Durante entrevista coletiva concedida no final da tarde desta sexta-feira, 12, a secretária da Saúde do Estado de Goiás (SES-GO), Irani Ribeiro de Moura, anunciou que o Hospital de Urgências de Aparecida de Goiânia (Huapa) volta a receber internações. A decisão foi tomada após avaliação de um relatório prévio apresentado pela Comissão Especial que avalia o possível surto de infecção hospitalar na Unidade. “Profissionais capacitados avaliaram o Huapa e certificaram que é totalmente seguro para a população”, disse Irani Ribeiro de Moura.
O diretor-Geral do Huapa, Gelson José do Carmo, garantiu que das 33 solicitações da Vigilância Sanitária (Svisa) 32 foram atendidas e que apenas uma está em andamento por se tratar de procedimento arquitetônico e que a Unidade continua primando pela atenção à saúde e transparência no atendimento.
A Comissão Especial avaliou, em tempo record de 72 horas, inicialmente os dois casos divulgados pela imprensa e ficou comprovado que a causa dos óbitos não tem relação com infecção hospitalar. “Outros 124 prontuários serão avaliados na continuidade do trabalho da Comissão. O prazo para finalização não pode ser marcado precisamente tendo em vista que alguns prontuários chegam a ter mais de 500 páginas, e todas elas devem ser minunciosamente analisadas”, esclarece o infectologista e diretor-Geral do Hospital de Doenças Tropicais (HDT), Boaventura Braz de Queiroz.
Entenda os casos
Conforme explicado por Boaventura Braz de Queiroz, a paciente S. A não tinha relatório médico encaminhado pelo hospital que estava anteriormente internada quando chegou no Huapa, bem como não se tinha informação de uso prévio de antibióticos. Ela chegou a Unidade com presença de sepse com foco abdominal. Na secreção abdominal colhida foram encontradas duas bactérias E. Coli e Acinetobacter b, a primeira é típica no caso de apendicite bacteriana e a segunda é tipicamente de procedimentos hospitalares, como cirurgia, entubação e outros, que a mesma não tinha sido submetida no Huapa.
Com relação ao outro caso noticiado, a infectologista Mônica Ribeiro Costa explicou que A.S chegou no Huapa, no dia 12 de novembro de 2009, com quadro de abdome agudo de duração de sete dias e a cirurgia foi realizada no mesmo dia com diagnóstico pós-operatório de apendicite supurada.
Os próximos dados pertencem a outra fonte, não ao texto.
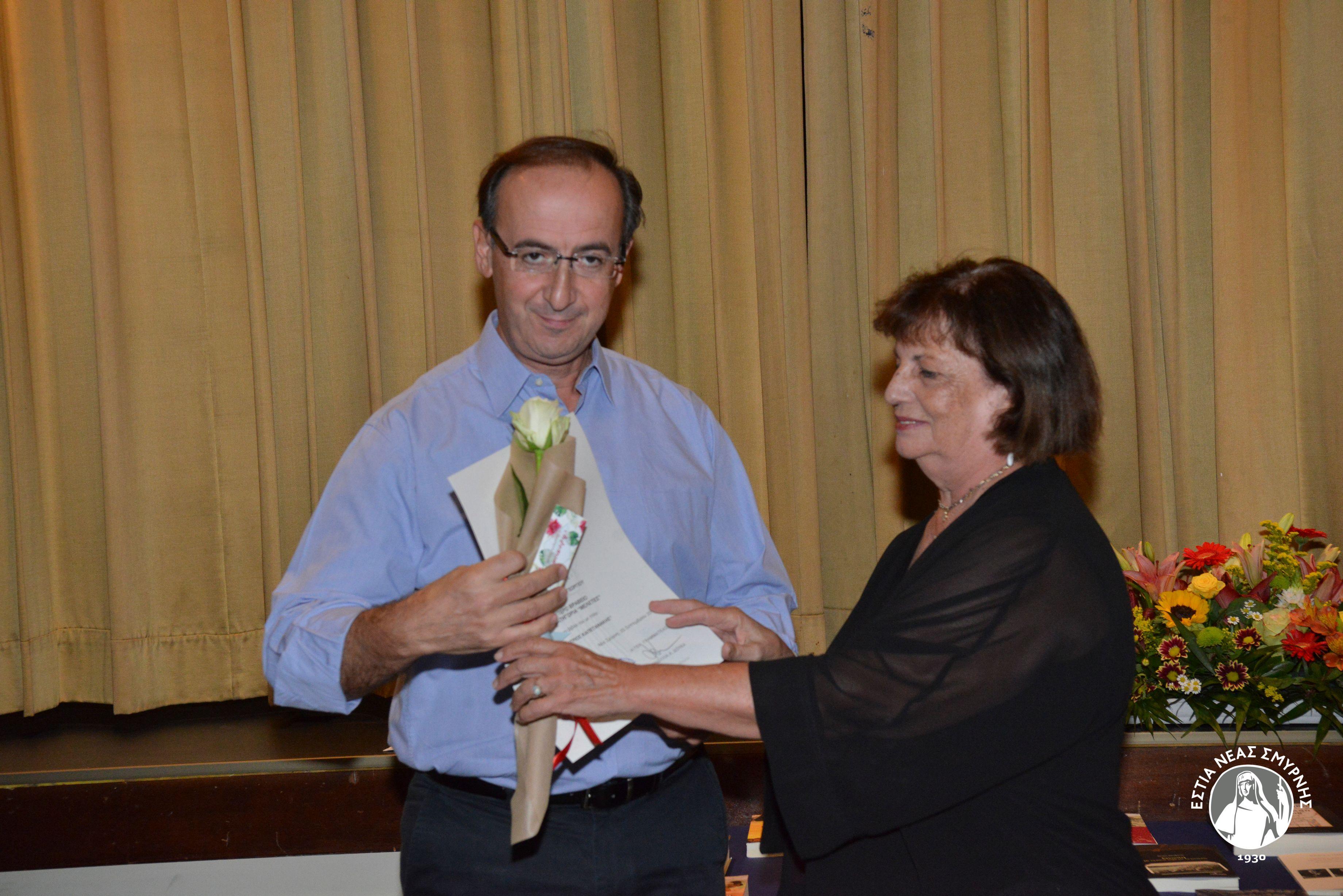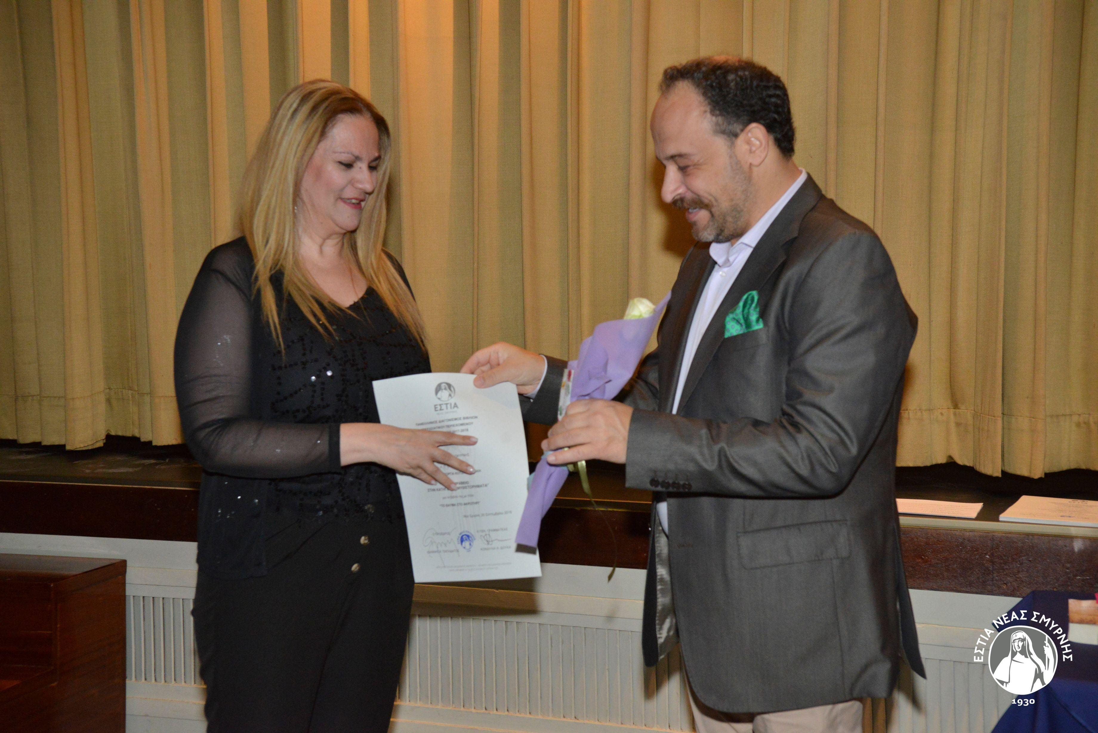 Η ΕΣΤΙΑ Νέας Σμύρνης, σας προσκαλεί την Παρασκευή 20 Σεπτεμβρίου 2019 και ώρα 19:00, στην εκδήλωση απονομής βραβείων και επαίνων στους διακριθέντες συγγραφείς βιβλίων Μικρασιατικού περιεχομένου που εκδόθηκαν τα έτη 2016 –2017- 2018 και πήραν μέρος στο σχετικό λογοτεχνικό διαγωνισμό της ΕΣΤΙΑΣ.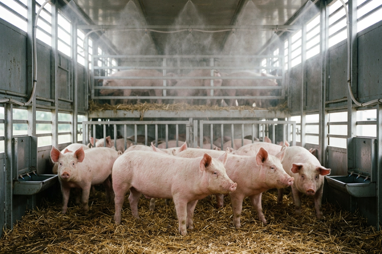Ein besonderes Highlight ist unser Hochdruck-Sprühnebelsystem: Es sorgt für angenehm gekühlte und zugleich keimarme Luft. Dadurch wird das Stall- und Transportklima deutlich verbessert – für gesündere Tiere und mehr Effizienz in der Tierhaltung.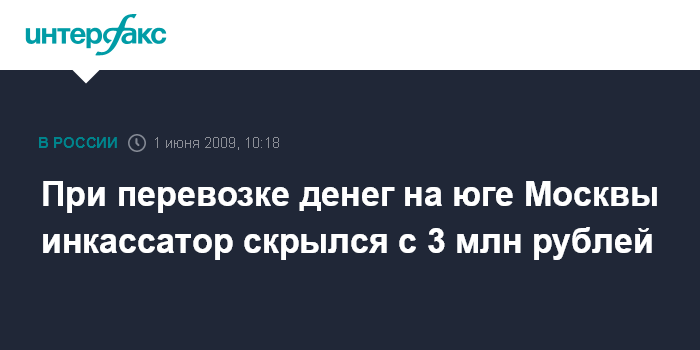 Москва. 1 июня. INTERFAX.RU – На юге столицы один из сотрудников ЧОПа скрылся с 3 млн рублей, который перевозил, сообщил "Интерфаксу" источник в правоохранительных органах города в понедельник.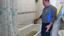 В Ревде в доме на ул. Энгельса из горячего крана течет черная жидкость. Энергетики говорят, что прорыва нет. Видео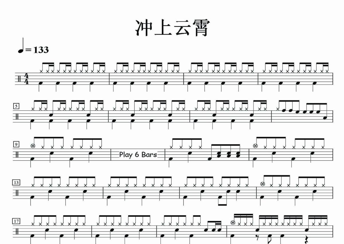 《冲上云霄》是Beyond演唱的一首歌曲,拍号为4/4拍,歌曲速度为每分钟133拍,这份架子鼓谱共有三张高清图谱,图谱由 @音符喷血者 编配上传,图谱使用五线谱编配,使用这份冲上云霄架子鼓谱,你将能够轻松地敲打出这首Beyond的冲上云霄,快来尝试吧。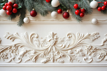 A beautifully arranged display featuring festive ornaments and greenery above an ornate white wall design perfect for the holiday season.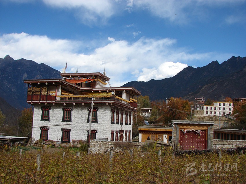 當(dāng)翻過(guò)一處斷崖,眼前豁然開(kāi)朗。一大片平整的田地出現(xiàn)在我們的面前。田地里,一棟棟白色的藏房或鶴立雞群,或三五聚集,看似毫無(wú)規(guī)律,其實(shí)從整個(gè)房屋大門的朝向可以看出,在房基的選擇時(shí),對(duì)陽(yáng)光的接納面、風(fēng)水等都作了充分的考慮。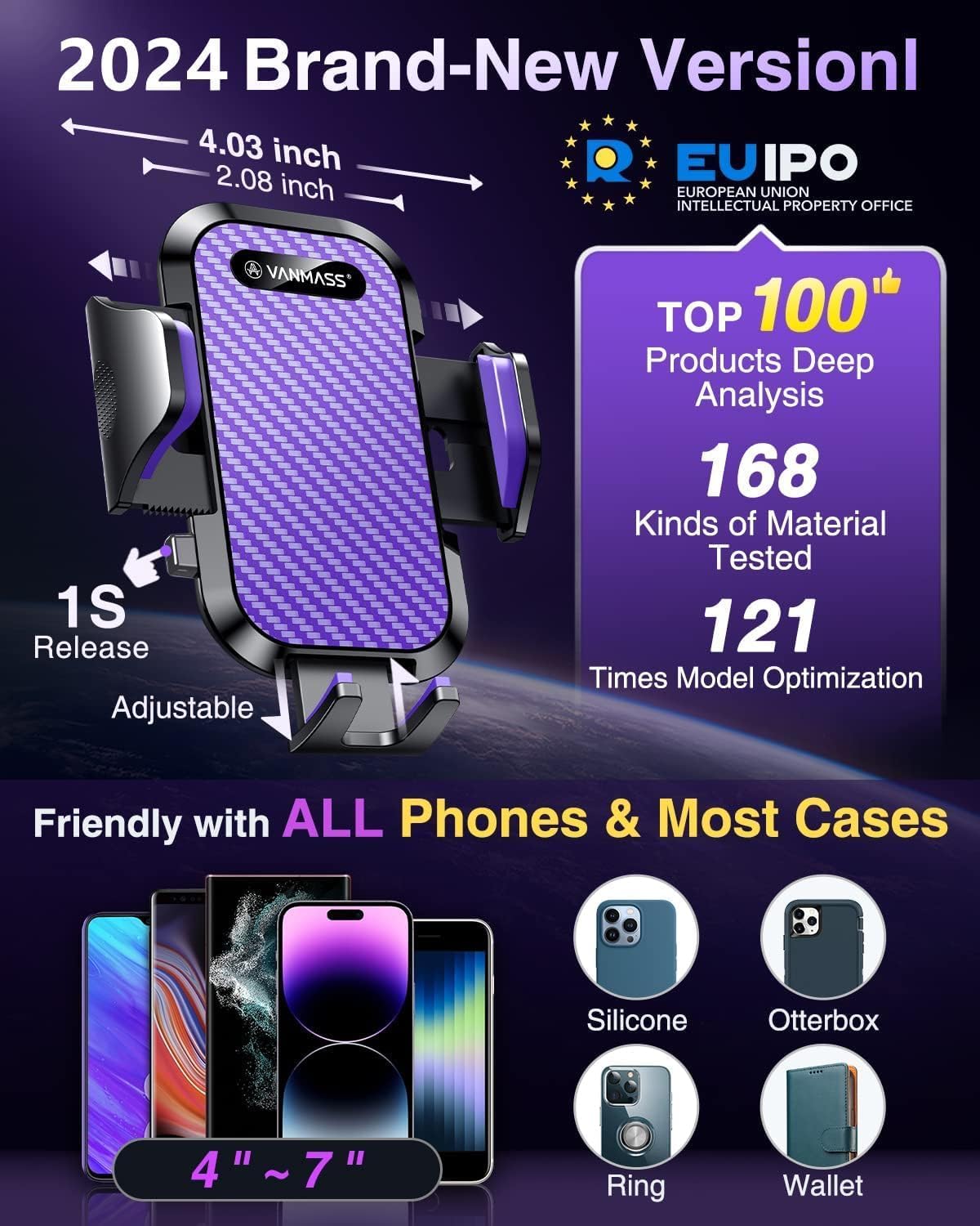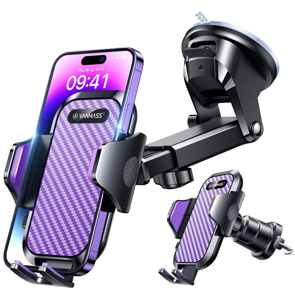 Experience the ultimate car phone holder with the VANMASS Purple Upgraded Suction & Clip. Designed for iPhone 15 Pro Max, 14, 13, 12, and more, this rotatable universal mobile phone mount ensures unmatched stability and convenience for drivers. Built to military-grade standards, it offers shockproof durability, UV resistance, and temperature tolerance from -40℃ to 90℃, making it a reliable dashboard, windscreen, or vent cradle for any vehicle. The larger 69mm suction cup guarantees a strong hold for phones of all sizes, while the one-click release function allows easy removal with just one hand. Enjoy 360° rotation and flexible angle adjustment to position your device at the perfect viewing angle. Compatible with phones 4–7 inches and thick cases, this mount is the ultimate van, car, and automobile accessory for safe, hands-free driving.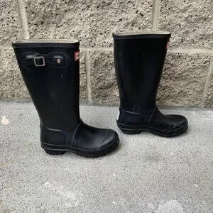 HUNTER Original Rain Boots US 2 EU 32 Big Kids Black High Gum Boot Rubber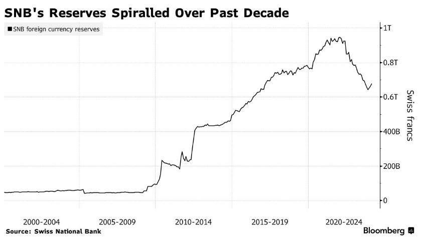 这对研究人员的研究表明,SNB需要花费大约270亿瑞士法郎来防止其货币升值1.1%。截至2月,中央银行的货币储备总额近6800亿瑞士法郎。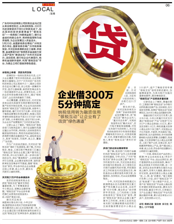 广东丹利科技有限公司财务总监冯记慧从来没有想到过,从申请到到账,300万元的贷款前后不到5分钟就完成了。如此高效的放贷速度得益于“银税互动”——税务部门与银保监部门、银行业金融机构建立合作,将纳税信用
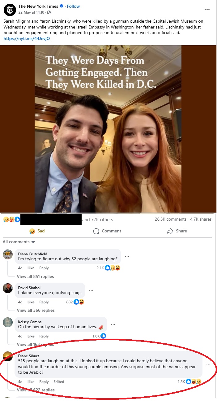 Avisen New York Times la ut en artikkel om drapene på Facebook. Reaksjonene på artikkelen, i form av latterfjes, viste et skremmende generelt hat mot jøder.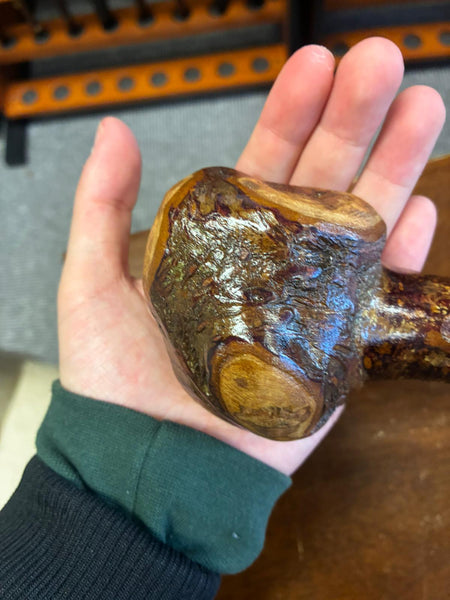 Blackthorn wood has to be seasoned for 2/3 years before it can be hand carved into a walking cane.

Após dois dias, o paciente solicitou alta sem recomendação médica. Ele retornou a Unidade no dia 27, do mesmo mês, com complicações advindas da saída precoce. Foi feita nova cirurgia e o paciente recebeu antimicrobianos de amplo espectro e foi encaminhado a Unidade de Terapia Intensiva (UTI). Porém, o caso evoluiu a óbito em 26 de dezembro, por choque séptico por abscesso intra-abdominal em decorrência da apendicite supurada. Também ficou descartada a hipótese de óbito por infecção hospitalar.
Huapa atende aos requisitos da Vigilância Sanitária
Assim que notificado sobre as alterações que deveriam ser feitas no Hospital de Urgências de Aparecida de Goiânia (Huapa), a diretoria da Unidade tomou as devidas providências para a adequação requisitada pela Vigilância Sanitária Estadual. Das 33 exigências, 32 já foram concluídas. Apenas uma está andamento: climatização e porta com tela para o setor de reanimação.
Exigências da Svisa
Itens concluídos
1. Reuniões entre os membros da Comissão de Controle de Infecção Hospitalar (CCIH) e Serviço de Controle de Infecção Hospitalar (SCIH) com período previsto em legislação pertinente, todas devidamente registradas
2. Revisão pela CCIH e todos os setores da Unidade dos procedimentos estabelecidos
3. Implantação efetiva de todos POPs revisados
4. Aumentar a quantidade de empregados da limpeza
5. Designar áreas reservadas e exclusivas para guarda dos produtos de limpeza, preparação e diluição dos mesmos
6. Designar técnico de enfermagem para coordenar e supervisionar o setor de limpeza do Hospital
7. Desobstruir o acesso às pias de higienização das mãos dos profissionais do setor de Reanimação
8. Restringir a colocação de qualquer “enfeite” à recepção e setores administrativos
9. Organização, de forma funcional, do posto de enfermagem das enfermarias
10. Manter fechadas as portas das enfermarias com “precaução de contato”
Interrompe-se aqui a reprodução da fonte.